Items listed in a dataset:
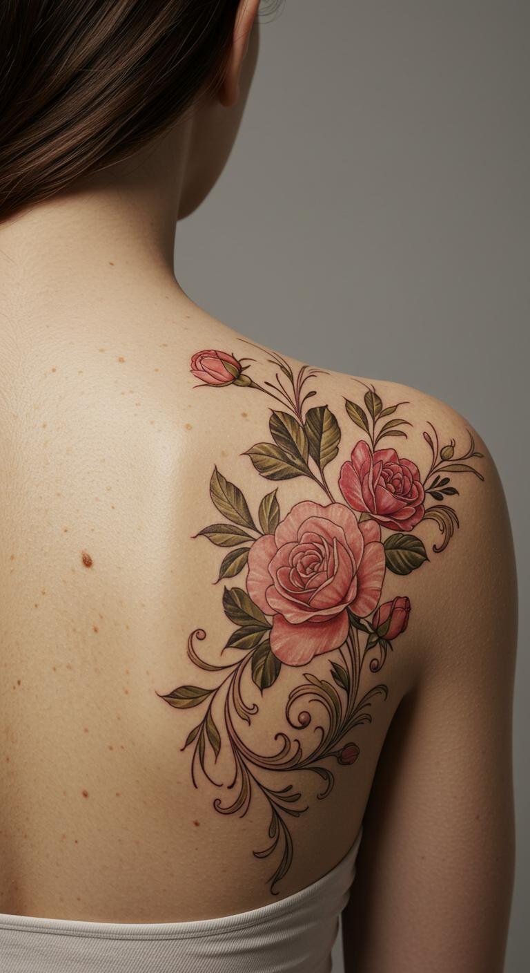 The shoulder blade serves as an ideal canvas for this vintage floral rib tattoo, allowing the intricate design to flow seamlessly with the body’s natural lines.
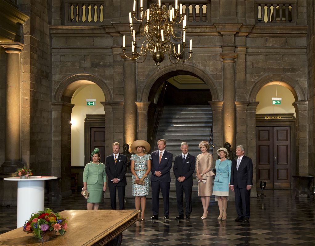 Koning Willem-Alexander, de Belgische koning Filip, groothertog Henri van Luxemburg en de Duitse bondspresident Joachim Gauck werden in het stadhuis ontvangen kort na hun aankomst op de Markt. Daarna genoten ze vanaf een tribune van het grenzeloze muziek- en kunstmodespektakel Hello World!
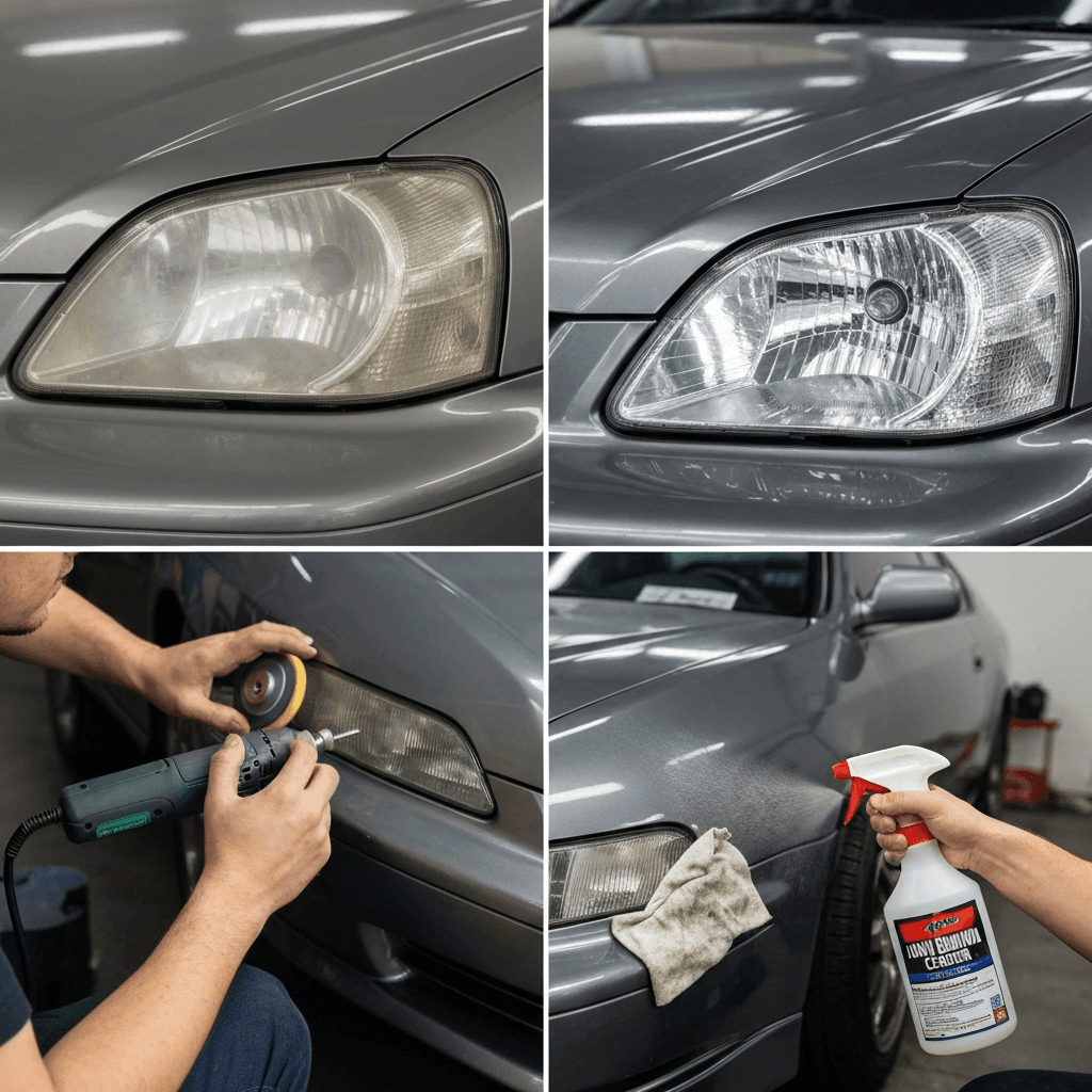 ヘッドライト黄ばみ除去+ボディ鉄粉除去で輝き復活!
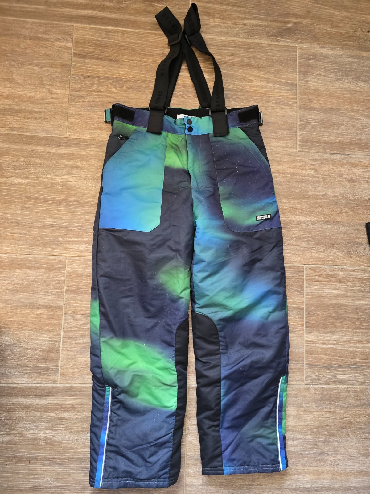 Otepľovaky, lyžiarske nohavice Reserved Majú nastaviteľné traky, dve predné vrecká, zadné vrecká s klopou, farebná celoplošná potlač, nepremokavé s reflexnými prvkami. V ponuke veľkosť 116, 146, 1...
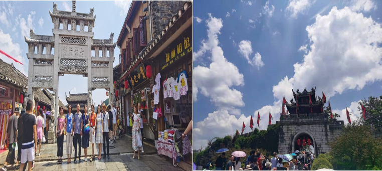 此次的贵州研修学习,不仅参观了红色基地,也包括贵州文化历史考察。7月24日,学院教师来到贵州省博物馆新馆。贵州省以众多少数民族著称,民族文物为贵博馆藏亮点,在国内独树一帜,尤以苗族服饰库和苗族银饰库独占鳌头。其中《百年征程贵州故事》专题展览,令观众真切地感受到百年来在中国共产党的领导下,贵州人民赓续红色血脉,从贫穷落后到现代繁华的沧桑巨变。下午的青岩古镇之行则是另一番景象。青岩古镇建于明朝初年,为贵州省四大古镇之一。古镇内既有清幽古朴的赵状元府等明清古建筑群,亦有红军长征指挥部等珍贵的革命文物,令老师们既受到革命历史的再教育,瞻仰先烈的伟岸与英勇,也体味了我们民族丰厚悠久的历史文化,同时还饱览了黔地层峦叠巗,苍翠欲滴的自然风光。
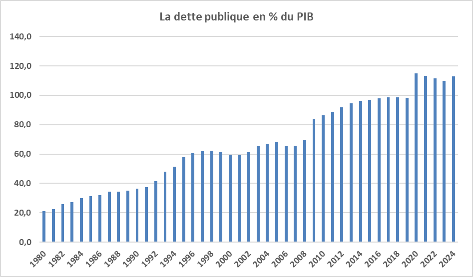 En 2024, la dette publique a augmenté de 6,5 % en euros (203 Md€). La croissance du PIB ayant été moins forte (3,5 %), elle est revenue à 113,0 % du PIB. La hausse de la dette en euros est supérieure au montant du déficit public (170 Md€) car certaines administrations ont accru leur trésorerie, notamment la caisse nationale qui regroupe les Urssaf.
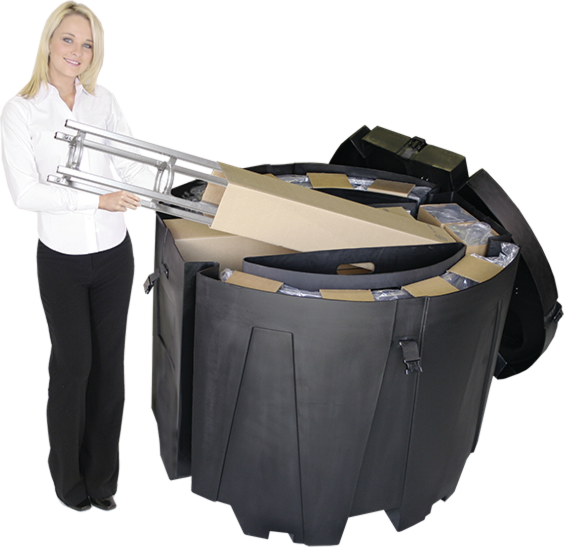 This large, round general purpose case is designed to handle national and international freight shipments for large Orbital Express truss displays as well as a variety of other large exhibits. The OCT is stackable and can be moved using the built-in casters or with a forklift. Offering the maximum protection for your exhibit materials, the OCT is a heavy-duty but eco-friendly choice that is made in the USA.
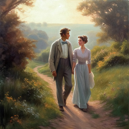 Oil style fine art painting of romantic vintage couple in the English countryside, country nature in soft pastel colours, evoking a sense of love and natural beauty, printable art design
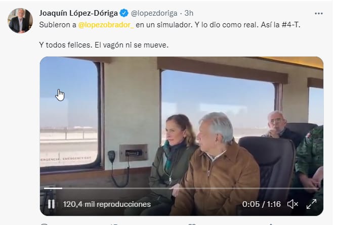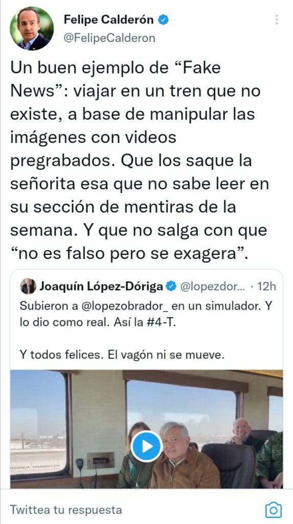 Esta vez por medio de un tuit el ex conductor de Televisa aseguró que habían subido a AMLO a un simulador que aparentaba ser un tren. Y lo dijo muy seguro, tan es así que muchas persionas, incuidos otros periodistas y opositores al gobierno, como el ex presidente Felipe Calderón, retuiteraron la información. Pero todo era falso, pues AMLO sí se subió a un tren.
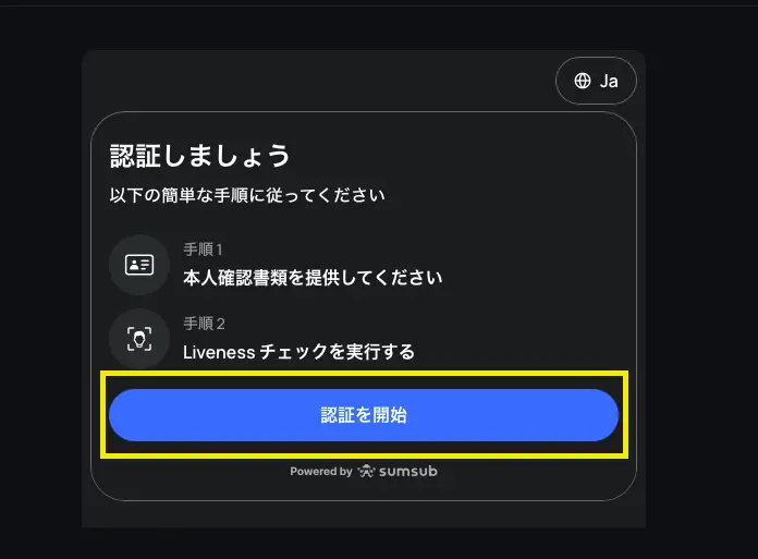 8. 本人確認が完了すると認証画面が表示されます
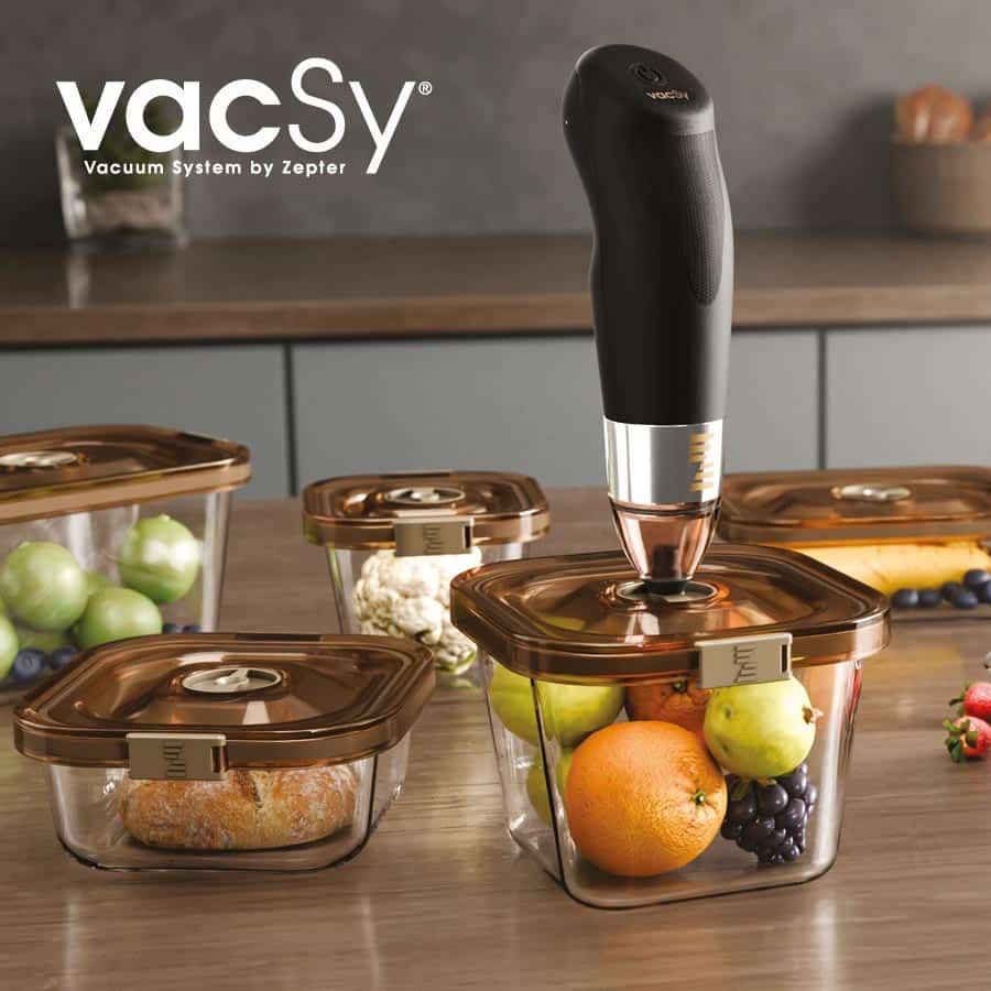 VacSy® je patentovaný vákuový systém navrhnutý tak, aby umožnil vytvorenie potravinárskeho vákua vnútri špeciálnych nádob zo skla a lexanu. Vákuum ničí baktérie a všetky druhy plesní, ktoré na prežitie a množenie potrebujú kyslík. Zároveň si jedlo zachová cenné nutričné vlastnosti!
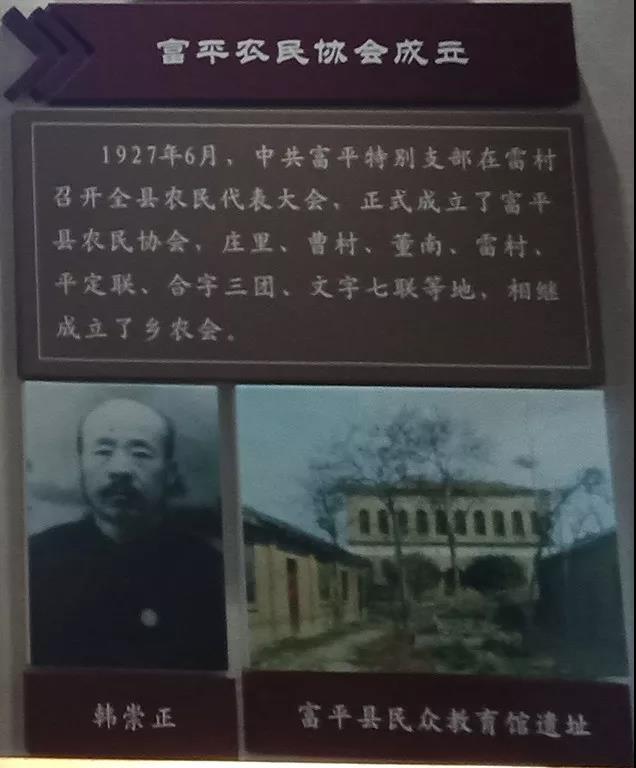 上图为富平县英烈纪念馆记载的抗日救国总会和县民众教育馆旧址,1927年6月中共富平特支部在雷村召开全县农民代表大会,正式成立富平县农民协会。
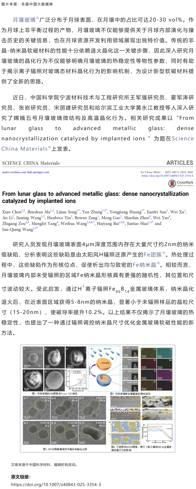 SCMs|从月壤玻璃到先进金属玻璃材料——离子辐照诱导致密纳米晶化
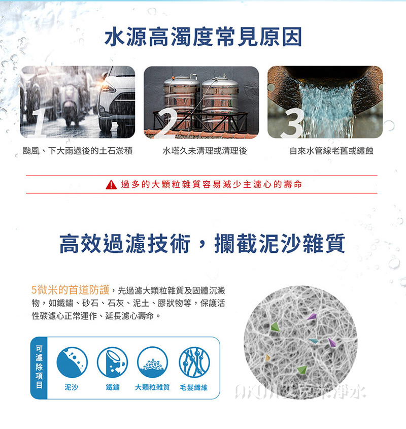 • 先行過濾粗粒子及固體沉澱物,保護活性碳濾心過濾功能正常運作
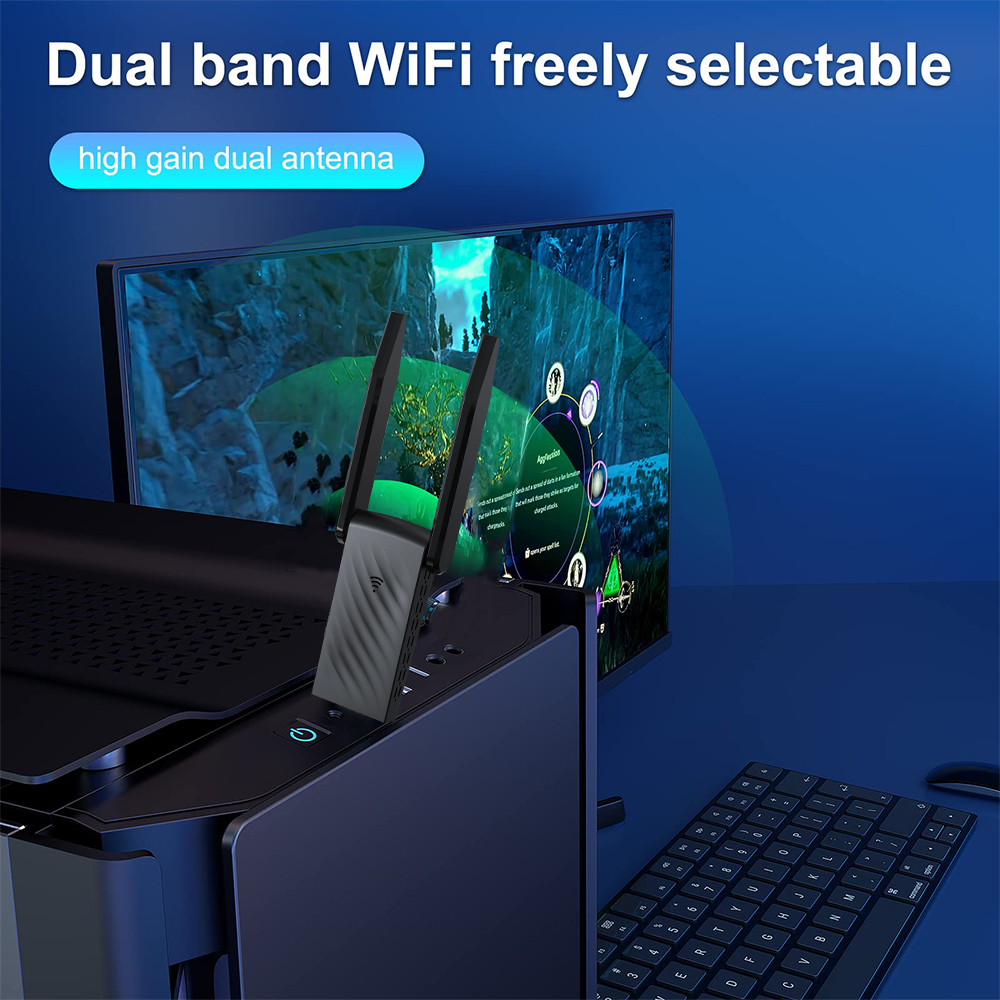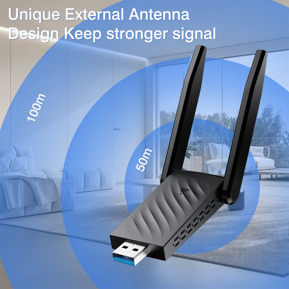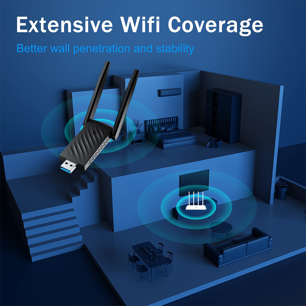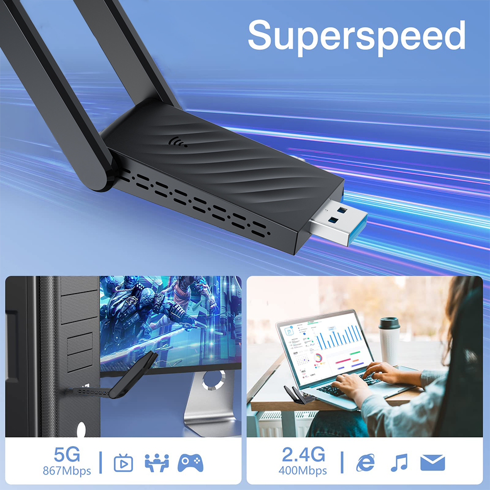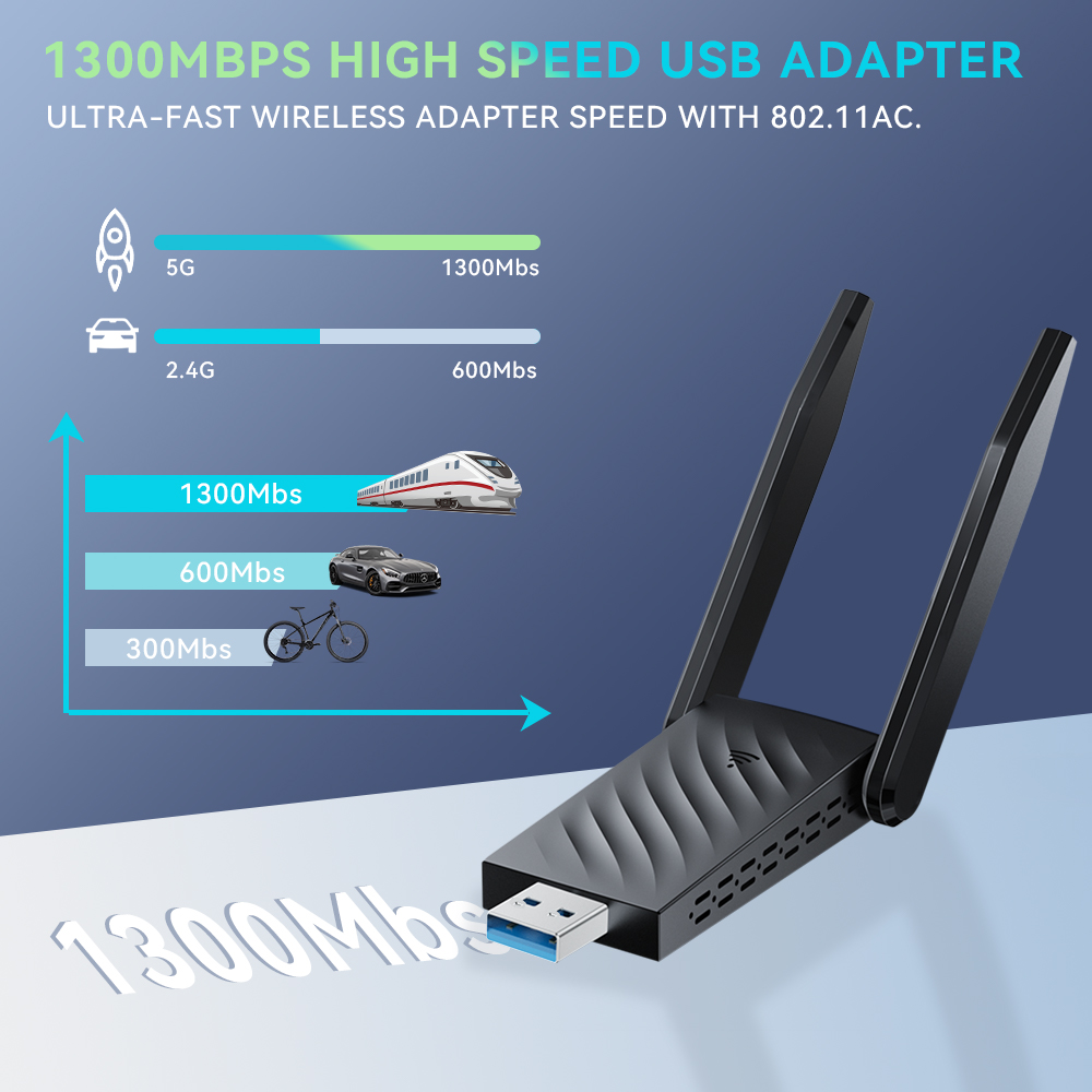 Bộ điều hợp wifi USB tốc độ 1300Mbps nhanh - bộ điều hợp wifi goojodoq cung cấp kết nối wifi ổn định và tầm xa mà không bị lag, nâng cấp PC hoặc máy tính xách tay của bạn lên chuẩn 802.11ac với tốc độ gấp đôi bộ điều hợp Wireless N tích hợp

What this task involves -> The result should be an exact repetition of all the records. Drop the pictures.

Answer for the task ->
 The shoulder blade serves as an ideal canvas for this vintage floral rib tattoo, allowing the intricate design to flow seamlessly with the body’s natural lines.
 Koning Willem-Alexander, de Belgische koning Filip, groothertog Henri van Luxemburg en de Duitse bondspresident Joachim Gauck werden in het stadhuis ontvangen kort na hun aankomst op de Markt. Daarna genoten ze vanaf een tribune van het grenzeloze muziek- en kunstmodespektakel Hello World!
 ヘッドライト黄ばみ除去+ボディ鉄粉除去で輝き復活!
 Otepľovaky, lyžiarske nohavice Reserved Majú nastaviteľné traky, dve predné vrecká, zadné vrecká s klopou, farebná celoplošná potlač, nepremokavé s reflexnými prvkami. V ponuke veľkosť 116, 146, 1...
 此次的贵州研修学习,不仅参观了红色基地,也包括贵州文化历史考察。7月24日,学院教师来到贵州省博物馆新馆。贵州省以众多少数民族著称,民族文物为贵博馆藏亮点,在国内独树一帜,尤以苗族服饰库和苗族银饰库独占鳌头。其中《百年征程贵州故事》专题展览,令观众真切地感受到百年来在中国共产党的领导下,贵州人民赓续红色血脉,从贫穷落后到现代繁华的沧桑巨变。下午的青岩古镇之行则是另一番景象。青岩古镇建于明朝初年,为贵州省四大古镇之一。古镇内既有清幽古朴的赵状元府等明清古建筑群,亦有红军长征指挥部等珍贵的革命文物,令老师们既受到革命历史的再教育,瞻仰先烈的伟岸与英勇,也体味了我们民族丰厚悠久的历史文化,同时还饱览了黔地层峦叠巗,苍翠欲滴的自然风光。
 En 2024, la dette publique a augmenté de 6,5 % en euros (203 Md€). La croissance du PIB ayant été moins forte (3,5 %), elle est revenue à 113,0 % du PIB. La hausse de la dette en euros est supérieure au montant du déficit public (170 Md€) car certaines administrations ont accru leur trésorerie, notamment la caisse nationale qui regroupe les Urssaf.
 This large, round general purpose case is designed to handle national and international freight shipments for large Orbital Express truss displays as well as a variety of other large exhibits. The OCT is stackable and can be moved using the built-in casters or with a forklift. Offering the maximum protection for your exhibit materials, the OCT is a heavy-duty but eco-friendly choice that is made in the USA.
 Oil style fine art painting of romantic vintage couple in the English countryside, country nature in soft pastel colours, evoking a sense of love and natural beauty, printable art design
 Esta vez por medio de un tuit el ex conductor de Televisa aseguró que habían subido a AMLO a un simulador que aparentaba ser un tren. Y lo dijo muy seguro, tan es así que muchas persionas, incuidos otros periodistas y opositores al gobierno, como el ex presidente Felipe Calderón, retuiteraron la información. Pero todo era falso, pues AMLO sí se subió a un tren.
 8. 本人確認が完了すると認証画面が表示されます
 VacSy® je patentovaný vákuový systém navrhnutý tak, aby umožnil vytvorenie potravinárskeho vákua vnútri špeciálnych nádob zo skla a lexanu. Vákuum ničí baktérie a všetky druhy plesní, ktoré na prežitie a množenie potrebujú kyslík. Zároveň si jedlo zachová cenné nutričné vlastnosti!
 上图为富平县英烈纪念馆记载的抗日救国总会和县民众教育馆旧址,1927年6月中共富平特支部在雷村召开全县农民代表大会,正式成立富平县农民协会。
 SCMs|从月壤玻璃到先进金属玻璃材料——离子辐照诱导致密纳米晶化
 • 先行過濾粗粒子及固體沉澱物,保護活性碳濾心過濾功能正常運作
 Bộ điều hợp wifi USB tốc độ 1300Mbps nhanh - bộ điều hợp wifi goojodoq cung cấp kết nối wifi ổn định và tầm xa mà không bị lag, nâng cấp PC hoặc máy tính xách tay của bạn lên chuẩn 802.11ac với tốc độ gấp đôi bộ điều hợp Wireless N tích hợp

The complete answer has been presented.